Higher staffing levels linked to reduced risk of inpatient death
A study led by King’s College London and the University of Southampton has shown that a higher registered nurse to patient ratio is linked to a reduced risk of inpatient death.
The study of staffing levels in NHS hospitals found that in trusts where registered nurses had six or fewer patients to care for, the death rate for patients with medical conditions was 20 per cent lower than in those where they had more than 10. Hospitals with more doctors per bed also had lower death rates but hospitals with more unregistered nursing support workers may have had higher death rates.
The study, by researchers from King’s College London, the University of Southampton, Karolinska Institutet, Stockholm and the New York School of Medicine, analysed two measures over two years (2009-11): the number of beds per registered nurse, doctor, and healthcare support worker in 137 acute care trusts; and the number of patients per ward nurse, drawn from a survey of just under 3000 registered nurses in a nationally representative sample of 31 of these trusts (46 hospitals and 401 wards).
They also calculated the predicted number of deaths for medical and surgical inpatients, taking account of influential factors, such as age, other underlying conditions, and number of emergency admissions during the previous 12 months.
Among patients admitted to medical, wards, higher death rates were associated with higher numbers of occupied beds for each registered nurse and for each doctor employed by the trust. By contrast, higher numbers of healthcare support workers were associated with higher rates of inpatient death.

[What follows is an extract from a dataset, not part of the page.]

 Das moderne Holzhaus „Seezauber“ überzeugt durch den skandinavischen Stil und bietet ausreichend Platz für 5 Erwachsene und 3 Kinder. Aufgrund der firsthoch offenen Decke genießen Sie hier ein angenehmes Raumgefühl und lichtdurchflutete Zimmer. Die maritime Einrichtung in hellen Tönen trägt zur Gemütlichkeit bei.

When all staff groups were included in the statistical analysis of all 137 trusts, the associations remained significant only for doctors and healthcare support workers.

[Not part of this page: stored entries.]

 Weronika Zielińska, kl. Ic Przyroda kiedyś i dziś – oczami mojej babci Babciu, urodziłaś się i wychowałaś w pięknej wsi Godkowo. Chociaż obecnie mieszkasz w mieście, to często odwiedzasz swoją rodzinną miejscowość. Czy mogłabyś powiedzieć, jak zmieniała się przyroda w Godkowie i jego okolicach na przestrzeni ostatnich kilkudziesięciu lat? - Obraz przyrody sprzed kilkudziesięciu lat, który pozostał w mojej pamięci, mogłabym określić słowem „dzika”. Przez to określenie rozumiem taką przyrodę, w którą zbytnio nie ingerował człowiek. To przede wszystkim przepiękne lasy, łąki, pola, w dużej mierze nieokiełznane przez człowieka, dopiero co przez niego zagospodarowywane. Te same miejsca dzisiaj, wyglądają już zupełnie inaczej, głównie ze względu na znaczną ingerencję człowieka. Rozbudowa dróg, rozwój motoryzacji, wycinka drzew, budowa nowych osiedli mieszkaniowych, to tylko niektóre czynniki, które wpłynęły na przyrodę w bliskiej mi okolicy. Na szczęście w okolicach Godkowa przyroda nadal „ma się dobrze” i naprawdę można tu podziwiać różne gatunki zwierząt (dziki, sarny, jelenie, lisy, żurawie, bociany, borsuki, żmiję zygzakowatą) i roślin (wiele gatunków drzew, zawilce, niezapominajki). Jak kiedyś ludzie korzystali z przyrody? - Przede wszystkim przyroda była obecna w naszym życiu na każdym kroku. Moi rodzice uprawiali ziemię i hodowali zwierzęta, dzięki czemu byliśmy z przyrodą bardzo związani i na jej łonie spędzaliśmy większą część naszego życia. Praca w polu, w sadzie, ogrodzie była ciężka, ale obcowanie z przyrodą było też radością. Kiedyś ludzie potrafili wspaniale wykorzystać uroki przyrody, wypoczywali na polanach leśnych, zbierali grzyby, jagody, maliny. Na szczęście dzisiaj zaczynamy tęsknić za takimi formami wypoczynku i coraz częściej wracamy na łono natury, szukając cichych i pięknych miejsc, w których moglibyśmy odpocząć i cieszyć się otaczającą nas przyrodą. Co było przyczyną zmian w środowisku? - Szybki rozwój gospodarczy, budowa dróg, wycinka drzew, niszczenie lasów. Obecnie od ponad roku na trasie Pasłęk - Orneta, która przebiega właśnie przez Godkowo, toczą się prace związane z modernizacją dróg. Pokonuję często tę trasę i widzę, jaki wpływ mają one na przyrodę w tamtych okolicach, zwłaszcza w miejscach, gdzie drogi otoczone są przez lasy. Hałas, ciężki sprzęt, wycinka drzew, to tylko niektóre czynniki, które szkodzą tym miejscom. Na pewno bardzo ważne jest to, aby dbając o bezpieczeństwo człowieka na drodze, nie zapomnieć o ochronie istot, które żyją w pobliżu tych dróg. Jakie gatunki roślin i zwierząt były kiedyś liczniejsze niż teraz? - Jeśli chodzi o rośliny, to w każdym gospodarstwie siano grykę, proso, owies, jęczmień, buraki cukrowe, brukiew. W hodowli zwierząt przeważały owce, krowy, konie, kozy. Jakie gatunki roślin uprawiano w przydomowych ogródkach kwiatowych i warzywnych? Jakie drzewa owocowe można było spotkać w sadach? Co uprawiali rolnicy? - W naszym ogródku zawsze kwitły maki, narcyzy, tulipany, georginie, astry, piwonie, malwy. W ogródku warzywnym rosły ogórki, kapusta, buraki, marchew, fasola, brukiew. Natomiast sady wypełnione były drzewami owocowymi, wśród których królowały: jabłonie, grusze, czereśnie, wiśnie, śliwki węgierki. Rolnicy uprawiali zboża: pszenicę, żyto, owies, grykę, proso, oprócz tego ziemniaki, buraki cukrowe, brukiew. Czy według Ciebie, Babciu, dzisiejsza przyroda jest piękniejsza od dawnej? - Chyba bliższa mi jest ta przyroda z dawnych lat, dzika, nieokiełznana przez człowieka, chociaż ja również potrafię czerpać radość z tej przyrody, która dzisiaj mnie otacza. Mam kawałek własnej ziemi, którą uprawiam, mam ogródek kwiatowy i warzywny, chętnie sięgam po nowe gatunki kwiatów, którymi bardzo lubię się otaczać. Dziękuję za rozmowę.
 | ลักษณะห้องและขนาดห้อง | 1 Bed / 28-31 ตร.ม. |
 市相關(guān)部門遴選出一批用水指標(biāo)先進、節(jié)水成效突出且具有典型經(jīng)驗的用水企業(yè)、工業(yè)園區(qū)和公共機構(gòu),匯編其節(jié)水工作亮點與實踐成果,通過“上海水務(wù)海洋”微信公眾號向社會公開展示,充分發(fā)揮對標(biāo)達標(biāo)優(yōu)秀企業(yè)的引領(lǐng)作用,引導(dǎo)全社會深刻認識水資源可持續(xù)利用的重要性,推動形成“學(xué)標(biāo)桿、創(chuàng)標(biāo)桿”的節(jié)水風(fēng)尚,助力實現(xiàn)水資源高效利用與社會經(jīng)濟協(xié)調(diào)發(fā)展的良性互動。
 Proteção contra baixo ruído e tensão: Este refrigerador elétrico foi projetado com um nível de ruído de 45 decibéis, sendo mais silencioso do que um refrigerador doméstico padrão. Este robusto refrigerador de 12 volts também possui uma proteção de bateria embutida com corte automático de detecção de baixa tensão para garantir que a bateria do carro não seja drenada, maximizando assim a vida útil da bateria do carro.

But analysis focussing on nurses actually working on wards of the subsidiary group of 31 trusts showed that the death rate was 20 per cent lower in those where each registered nurse cared for an average of six or fewer medical inpatients than in trusts were each registered nurse cared for 10 or more. These associations remained significant after further statistical analysis.

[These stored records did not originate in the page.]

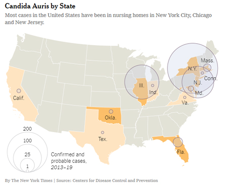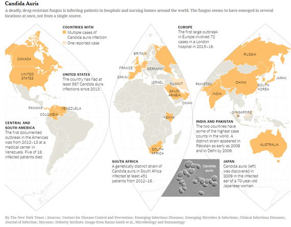 “The earliest known case in the United States involved a woman who arrived at a New York hospital on May 6, 2013, seeking care for respiratory failure. She was 61 and from the United Arab Emirates, and she died a week later, after testing positive for the fungus. At the time, the hospital hadn’t thought much of it, but three years later, it sent the case to the C.D.C. after reading the agency’s June 2016 advisory.” – NYT.
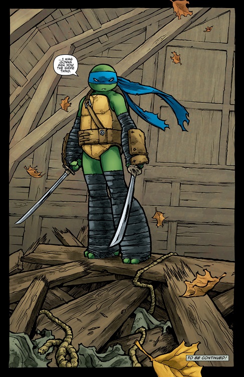 Leonardo s’entrainait au bord du petit lac, repensant à son combat contre Raphael au théâtre (TMNT #28) et la décapitation de Victor (TMNT #27). Splinter le rejoignait timidement. À travers quelques allégories, il lui faisait comprendre que Shredder s’était servi de lui comme de son épée. Yoshi pensait lui aussi être l’épée du Foot Clan, jusqu’à ce que Tang Shen lui ouvre les yeux et lui annonce qu’elle était en ceinte de Leonardo (TMNT Micro-series : Splinter). Son allégeance au Foot Clan était du passé. Sa famille avait dorénavant besoin de lui plus que jamais. Le rongeur lui donnait un bandeau bleu avant de s’en aller. Leonardo restait immobile, regardant son présent.tmnt-31-idw-comic-4-splinter-leonardo-tortues-ninja-turtles-tmnt
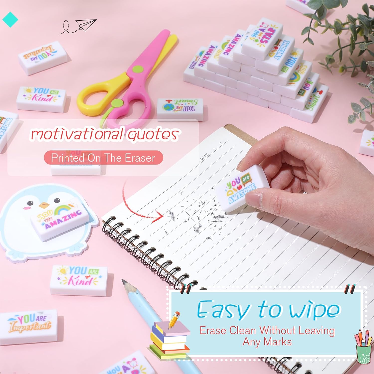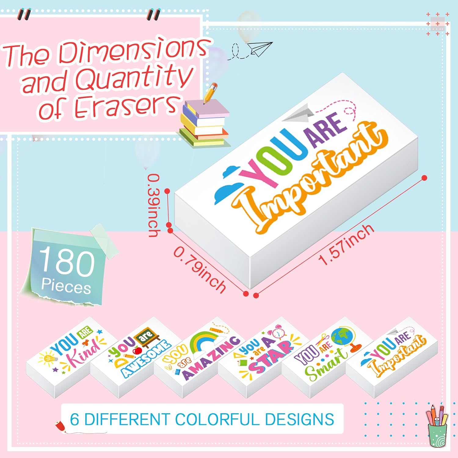 - Generous Packaging: the package includes 180 inspirational erasers bulk, ensuring that you never run out; Whether for personal use or a classroom setting, this bulk printed with 6 different motivational designs, satisfying all your erasing needs for a long time
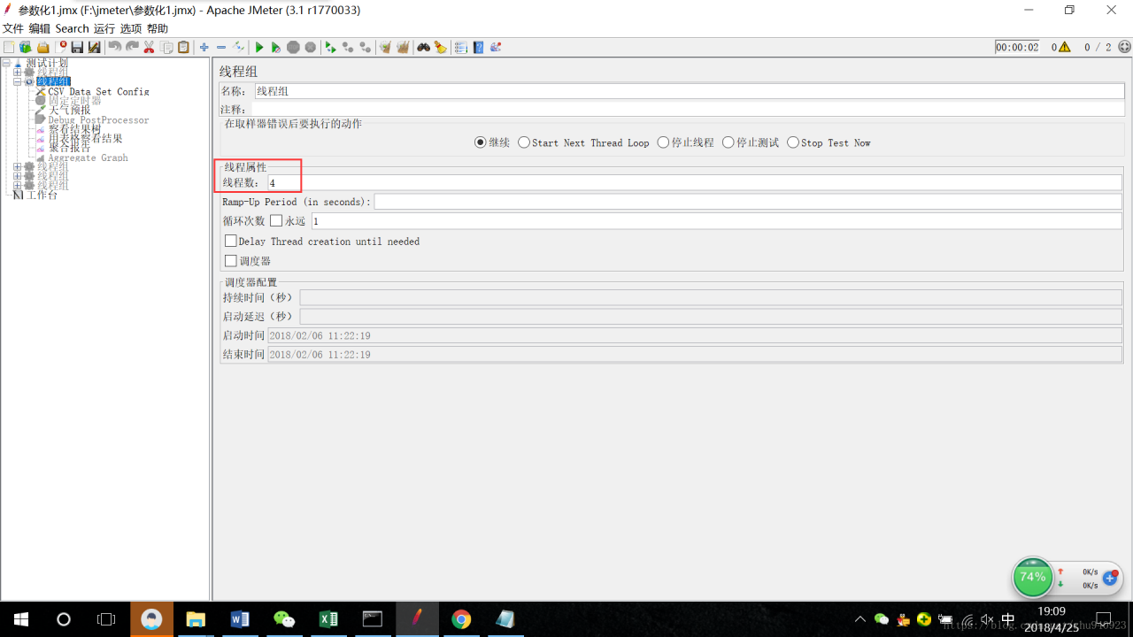 这里线程数设置为4,执行时候就自动获取参数,把文件里的4个参数都获取一遍,如果参数很多,可以使用这种参数啊化方法。就像我用过一次测试手机号段的,从100-199,一共100个号段,就是用的这种参数化。

The results on surgical wards were similar, with higher registered nurse to patient ratios associated with a 17 per cent lower inpatient death rate.
The registered nurse headcount varied by as much as a factor of four between those at the top and bottom of the staffing scale. Even after taking account of all nursing staff, this variation only dropped to a threefold difference between those with the highest and lowest nurse headcounts.